#### [Excerpted records]
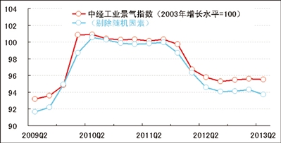 进一步剔除随机因素后,中经工业景气指数呈现回落走势(见景气指数走势图中的蓝色曲线),比未剔除随机因素的指数(见景气指数走势图中的红色曲线)值低1.8个点,两者之差较上季度扩大0.5个点,这表明工业经济增长的内生动力仍然不足。
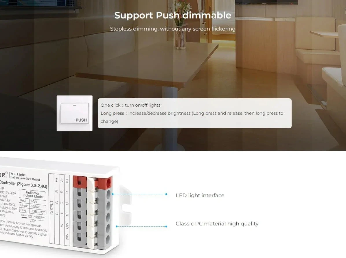 • Compatible with Mi-Light / MiBoxer 2.4GHz series remote
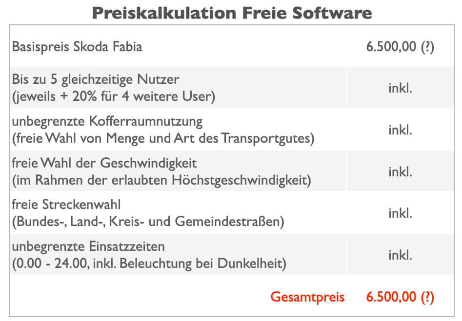 Vielleicht haben sich aufmerksame Leserinnen und Leser schon gefragt, was die Fragezeichen in der Tabelle bedeuten und warum das Auto überhaupt etwas kostet, wo es doch frei ist. An dieser Stelle sei auf den Unterschied zwischen kostenfreier, lizenzkostenfreier und freier Software hingewiesen, drei Begriffe, die oft miteinander verwechselt werden.
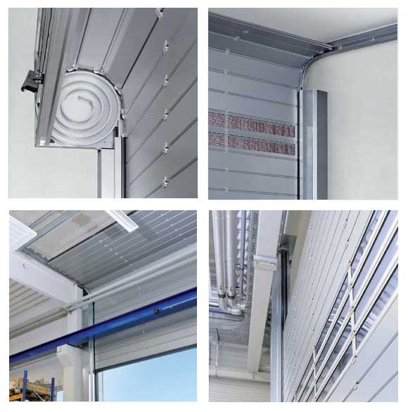 門簾機構(gòu):閃光銀抗風(fēng)壓鋁合金復(fù)合門板;厚度:22-43-60-80mm,標(biāo)配碳玻璃安全透明視窗,通過軟連接膠條將門板間進(jìn)行密封,配合采用鋼鋁復(fù)合配重密封底梁
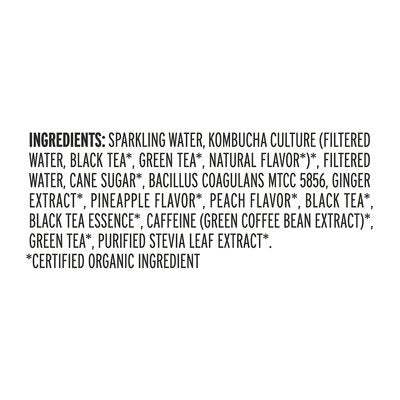 INGREDIENTS: Sparkling Water, Kombucha Culture (Filtered Water, Black Tea (Certified Organic Ingredient), Green Tea (Certified Organic Ingredient), Natural Flavor (Certified Organic Ingredient)) (Certified Organic Ingredient), Filtered Water, Cane Sugar (Certified Organic Ingredient), Bacillus Coagulans MTCC 5856, Ginger Extract (Certified Organic Ingredient), Pineapple Flavor (Certified Organic Ingredient), Peach Flavor (Certified Organic Ingredient), Black Tea (Certified Organic Ingredient), Black Tea Essence (Certified Organic Ingredient), Caffeine (Green Coffee Bean Extract) (Certified Organic Ingredient), Green Tea (Certified Organic Ingredient), Purified Stevia Leaf Extract (Certified Organic Ingredient).

#### [Exercise brief]
Without the pictures, print all of the records exactly.

#### [Response below]
 进一步剔除随机因素后,中经工业景气指数呈现回落走势(见景气指数走势图中的蓝色曲线),比未剔除随机因素的指数(见景气指数走势图中的红色曲线)值低1.8个点,两者之差较上季度扩大0.5个点,这表明工业经济增长的内生动力仍然不足。
 • Compatible with Mi-Light / MiBoxer 2.4GHz series remote
 Vielleicht haben sich aufmerksame Leserinnen und Leser schon gefragt, was die Fragezeichen in der Tabelle bedeuten und warum das Auto überhaupt etwas kostet, wo es doch frei ist. An dieser Stelle sei auf den Unterschied zwischen kostenfreier, lizenzkostenfreier und freier Software hingewiesen, drei Begriffe, die oft miteinander verwechselt werden.
 門簾機構(gòu):閃光銀抗風(fēng)壓鋁合金復(fù)合門板;厚度:22-43-60-80mm,標(biāo)配碳玻璃安全透明視窗,通過軟連接膠條將門板間進(jìn)行密封,配合采用鋼鋁復(fù)合配重密封底梁
 INGREDIENTS: Sparkling Water, Kombucha Culture (Filtered Water, Black Tea (Certified Organic Ingredient), Green Tea (Certified Organic Ingredient), Natural Flavor (Certified Organic Ingredient)) (Certified Organic Ingredient), Filtered Water, Cane Sugar (Certified Organic Ingredient), Bacillus Coagulans MTCC 5856, Ginger Extract (Certified Organic Ingredient), Pineapple Flavor (Certified Organic Ingredient), Peach Flavor (Certified Organic Ingredient), Black Tea (Certified Organic Ingredient), Black Tea Essence (Certified Organic Ingredient), Caffeine (Green Coffee Bean Extract) (Certified Organic Ingredient), Green Tea (Certified Organic Ingredient), Purified Stevia Leaf Extract (Certified Organic Ingredient).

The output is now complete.